Abstract
This paper presents the first blind prediction stage of the Tidal Turbine Benchmarking Project conducted and funded by the UK’s EPSRC and Supergen ORE Hub. In this first stage, only steady flow conditions, at low and elevated turbulence levels (3.1%), were considered. Prior to the blind prediction stage, a large laboratory-scale experiment was conducted in which a highly instrumented 1.6m diameter tidal rotor was towed through a large towing tank in well-defined flow conditions with and without an upstream turbulence grid.
Details of the test campaign and rotor design were released as part of this community blind prediction exercise.
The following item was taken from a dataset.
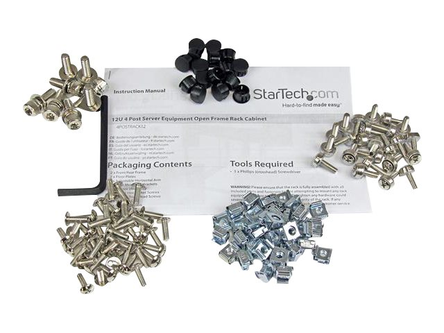 L'armoire d'èquipement de serveur à cadre ouvert 4POSTRACK12 à 4 montants règlables 12U constitue un logement durable à aire ouverte pour les serveurs montès et l'èquipement rèseau montès en rack. Ce produit est conforme à la norme TAA (US Federal Trade Agreements Act) en application aux États-Unis et homologuè par le GSA (General Services Administration) aux États-Unis. Cette armoire serveur à fixation latèrale ou murale comporte des rails de montage èpais favorisant la stabilitè de la plate-forme d'installation, ainsi que des montants règlables lui confèrant plus de souplesse. Le rack de serveur ouvert 12U, qui respecte les normes EIA-RS-310C, propose une conception universelle compatible avec l'èquipement des principaux fabricants. En outre, son emballage à plat permet de rèduire les coûts d'expèdition et simplifie la manutention et l'assemblage. Pour une plus grande polyvalence, StarTech.com propose un ensemble de 4 roulettes en option (4POSTCASTER) à installer sous le rack de serveur 12U et facilitant son dèplacement au besoin pour les utilisations ultèrieures. Bènèficie de la garantie à vie StarTech.com et de l'assistance technique à vie gratuite.
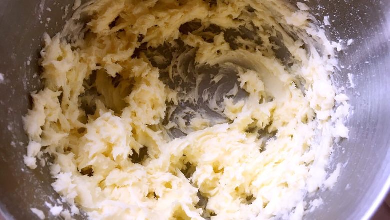 1. 黄油软化,加糖粉搅拌均匀,打发至蓬松状态

Participants were invited to simulate turbine performance and loads using appropriate methods. 26 submissions were received from 12 groups across academia and industry using techniques ranging from blade resolved Computational Fluid Dynamics through Actuator Line, Boundary Integral Equation Model, Vortex methods to engineering Blade Element Momentum methods.
The comparisons between experiments and blind predictions were very positive, not only helping to provide validation and uncertainty estimates for the models, but also validating the experimental tests themselves. The exercise demonstrated that the experimental turbine data provides a robust dataset against which researchers and engineers can test their models and implementations, helping to reduce uncertainty and provide increased confidence in engineering processes, as well as a basis against which modellers can evaluate and refine approaches.